A new report has provided additional details on Joe Paterno's awareness of child abuse at Penn State University, appearing to confirm the former football coach knew of Jerry Sandusky's crimes long before his arrest.
CNN obtained previously unseen police report documents on Saturday, originally transcribed in connection to witness Mike McQueary's testimony. McQueary, who was a key witness in the Sandusky abuse trial and had witnessed Sandusky's abuse himself in a PSU locker room, told police that the aftermath from the 2001 locker room incident was not the first time Paterno had become aware of abuse from Sandusky.
According to the document, the locker room incident in 2001 was, "the second complaint of this nature [Paterno] had received" about his former defensive coordinator. There was, however, no further discussion between McQueary and Paterno about the nature of the previous incident, according to the police report.
This coincides with previous information connected to an insurance lawsuit, in which plaintiffs claimed the football coach knew about Sandusky's abuse as far back as 1976, 25 years before the locker room incident and 36 years before Sandusky was brought to trial.
But why has it taken so long for this information to come out?

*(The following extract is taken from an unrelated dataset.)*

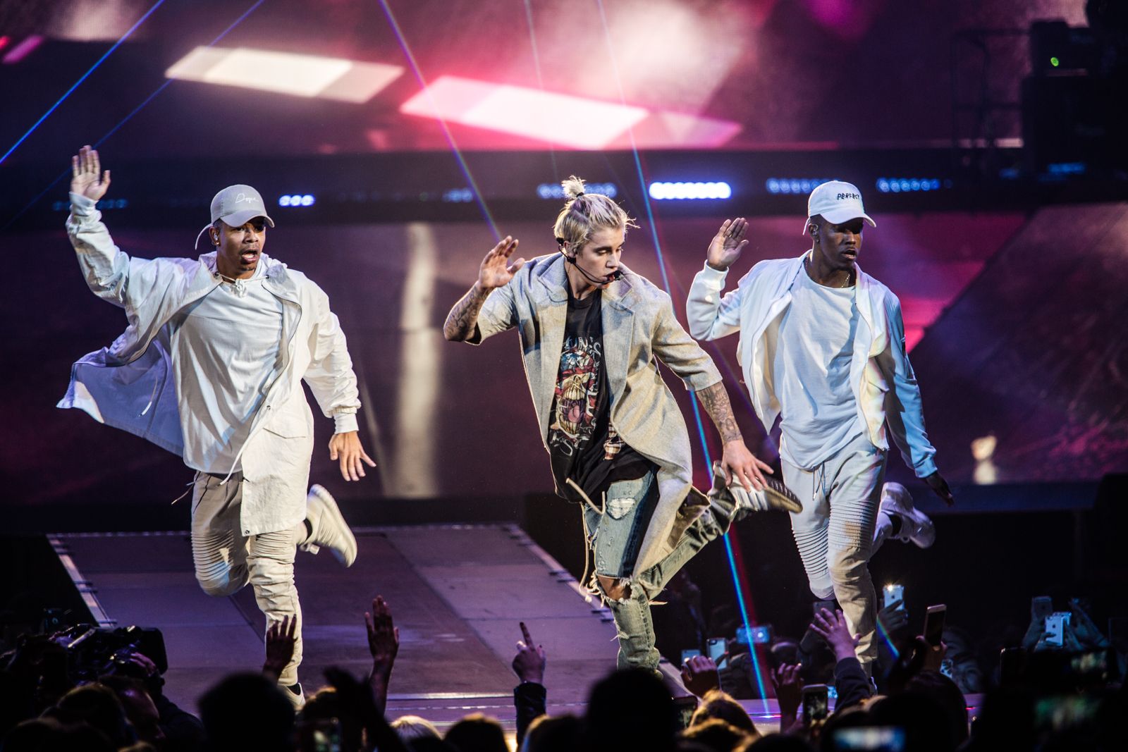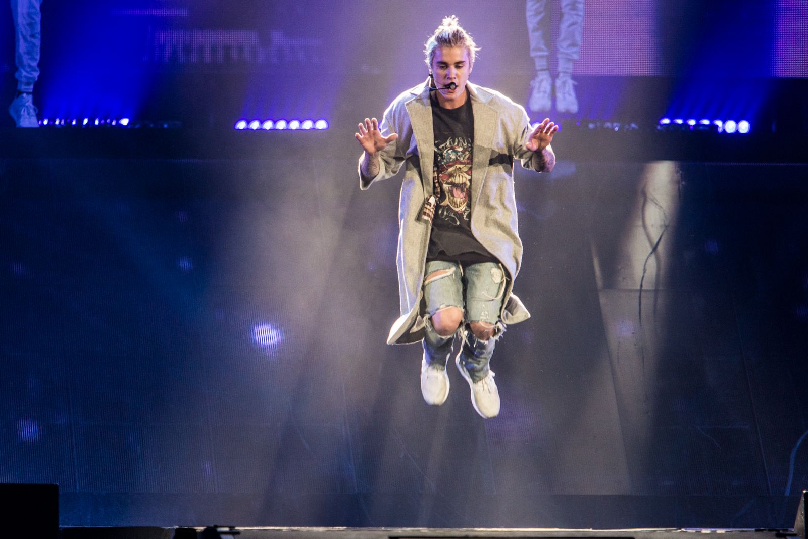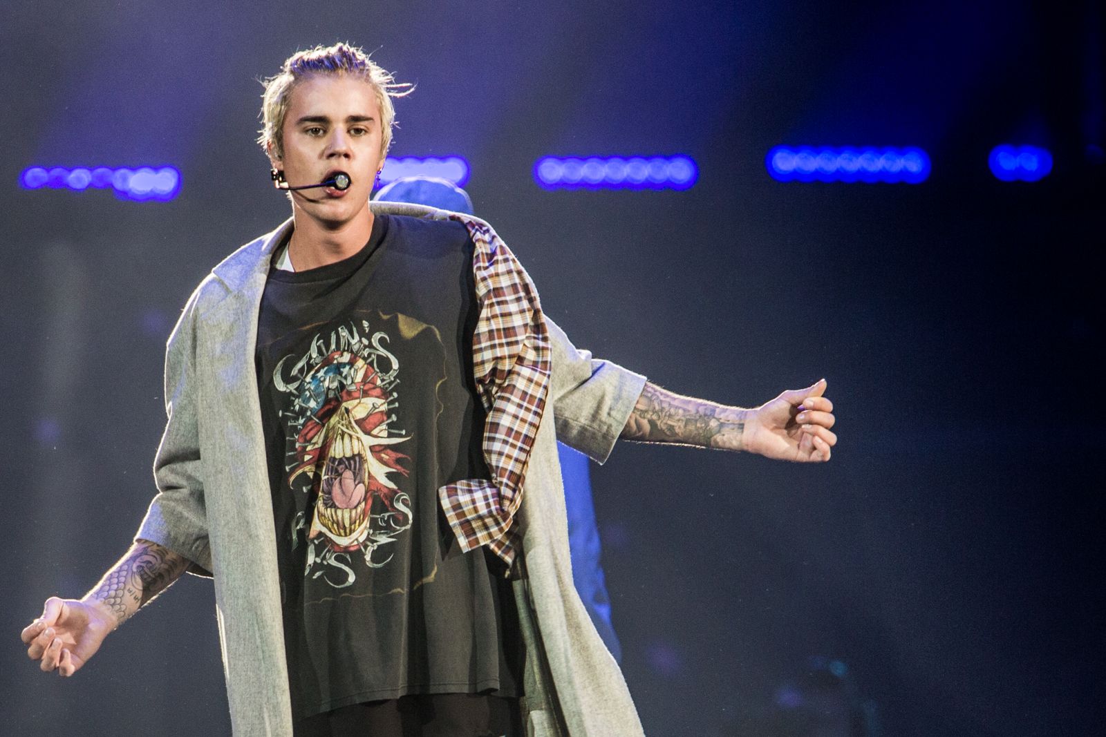 As for Bieber himself, the badboy popstar entered the arena in a glass cube, spelling out "Purpose," "Mark My Words," and a heart on the side. His signature blonde locks were tied back in a messy man bun and he sported a baggy Guns 'N Roses shirt and ... is that a grey bathrobe? Thankfully, he swapped outfits a couple times during the performance.

One big reason: McQueary was never asked under oath about the second incident he described to police, and according to CNN's sources, did not want to volunteer further information to pile on Paterno following the coach's passing. They also claim the prosecution strove to avoid any mention of Paterno/Penn State that wasn't explicitly connected to convicting Sandusky.
"They hated the whole Penn State conspiracy thing," a source close to the prosecution told CNN. "We totally structured the case to avoid Paterno."
Be that as it may, this new information directly contradicts Paterno's own testimony prior to his death, in which he denied knowledge of any misconduct from Sandusky prior to 2001.
"I do not know of anything else that Jerry would be involved in of that nature, no," said Paterno. "I do not know of it."
Despite evidence pointing to, at best, negligence on Paterno's behalf, his family and other Paterno supporters have remained steadfast in denying his culpability. Penn State fans set up a vigil for the wins the NCAA vacated as a product of the abuse scandal—those were eventually restored—and the university held an honorary ceremony for his career in early 2016.